There are, however, several notable differences between our studies that make more in-depth comparisons difficult. One important difference is that our subjects navigated the spatial environment freely compared with the Burgess et al. (2001) and King et al. (2005) studies, in which subjects were guided with arrows to specific locations. Arguably, our paradigm allowed subjects to encode information in a fashion similar to how we might encode episodic information in the natural world compared with the Burgess et al. and King et al. studies in which the information experienced was constrained by the details of the experiment. A second important difference between our study and that of the previous two studies is the control conditions. Burgess et al. and King et al. used a control condition that required subjects to make perceptual judgments about the pictures of objects or places they visited—presumably leading to little hippocampal activation. Our study, in contrast, used a low-level perceptual task (determining whether a number was odd or even)—shown in a previous study by Stark and Squire (2001) to provide minimal hippocampal activation compared with picture viewing. Our control task, in fact, may account for the slightly greater Z values and percent signal changes we observed when we compared retrieval conditions against the control condition (this study, Table 1 and Fig. 2; Burgess et al. 2001, Table 1 and Fig. 4). A third difference between our studies is that the memory component of our study required subjects to make recognition judgments—particularly in the landmark and spatial conditions—while the Burgess et al. (2001) and King et al. (2005) studies required subjects to make forced-choice judgments about which objects came when. Although the Burgess et al. and King et al. memory condition allowed subjects to look at the same stimuli but make different types of judgments about them, a manipulation not possible in our study, our paradigm permitted comparison with other studies that have looked separately at item and source memory retrieval. A final difference between our two studies is that our study looked at temporal order retrieval in addition to spatial and object memory.

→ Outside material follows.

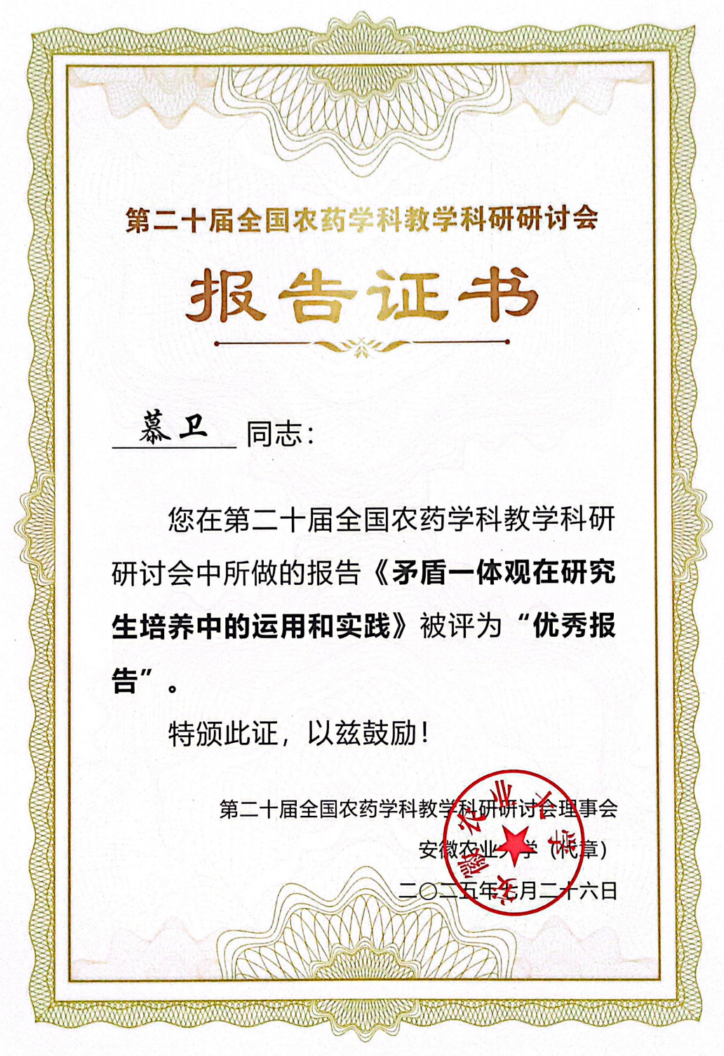 全国农药学科教学科研研讨会优秀报告:矛盾一体观在研究生培养中的运用和实践》,慕卫,2025年

Because our study allowed us to directly compare simple item recognition with recognition requiring recovery of spatial and temporal source information, we believe our results demonstrate several important aspects of the brain networks underlying episodic retrieval. First of all, our data demonstrate the general involvement of the hippocampus and parahippocampal cortex in retrieval of recently experienced items, spatial associations, and temporally sequenced events in episodic memory. Our results therefore suggest a general role for the hippocampus in retrieval of episodic memories (Tulving 1993)—at least those acquired from a recently experienced spatial environment. We predicted, however, greater parahippocampal cortex than hippocampal activation during landmark retrieval based on the fact that the parahippocampal cortex typically shows stronger activation during familiarity-based recognition than the hippocampus (Epstein and Kanwisher 1998). The fact that we saw similar degrees of hippocampal and parahippocampal cortex activation during landmark recognition—contrary to our expectation—suggests that the hippocampus and parahippocampal cortex were recruited to comparable degrees during the landmark recognition task. In contrast to hippocampus and parahippocampal cortex, perirhinal cortex showed greater activation during landmark compared with spatial and temporal retrieval. We also noted dissociation between perirhinal and parahippocampal cortical activations—perirhinal cortex activated more strongly during landmark than spatial retrieval, while parahippocampal cortex activated more strongly during spatial than landmark retrieval. Together, our data suggest a more specific role for the perirhinal cortex in retrieval of item, and not source information, from recently experienced events (Davachi et al. 2003).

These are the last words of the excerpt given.